Jossimar Sanchez

Personal information
- Full name: Jossimar Israel Sanchez
- Date of birth: September 4, 1991 (age 34)
- Place of birth: Paterson, New Jersey, United States
- Height: 1.75 m (5 ft 9 in)
- Position(s): Defender

Youth career
- 2009–2012: Connecticut Huskies

Senior career*
- Years: Team / Apps / (Gls)
- 2011: Central Jersey Spartans / 4 / (0)
- 2014: New England Revolution / 0 / (0)
- 2014: → Rochester Rhinos (loan) / 8 / (0)
- 2015: Nyköpings BIS / 15 / (0)
- 2016: Kraft / 22 / (0)
- 2017–2018: GBK / 39 / (0)

= Jossimar Sanchez =

American-Dominican soccer player (born 1991)

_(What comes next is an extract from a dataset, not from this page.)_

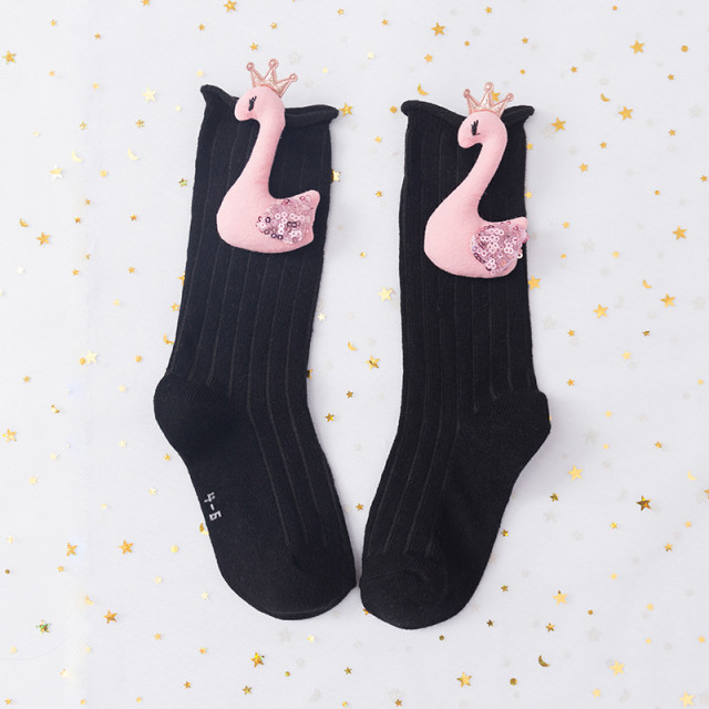 Sosete trei sferturi pentru fetite, cu model din tesatura si cu o lebaduta roz, aplicata intr-o parte. Ofera eleganta tinutelor micutelor domnisoare.

Jossimar Israel Sanchez (born September 4, 1991) is a Dominican American soccer player.

==Career==
Sanchez played four years of college soccer at the University of Connecticut between 2009 and 2012. While at college, Sanchez also appeared for USL PDL side Central Jersey Spartans in 2011.

On January 22, 2013, Sanchez was selected 4th in the 2013 MLS Supplemental Draft by New England Revolution, and was signed over a year later on February 24, 2014. He was later loaned out to New England's USL Pro affiliate Rochester Rhinos. On December 8, 2014, the New England Revolution declined his contract option.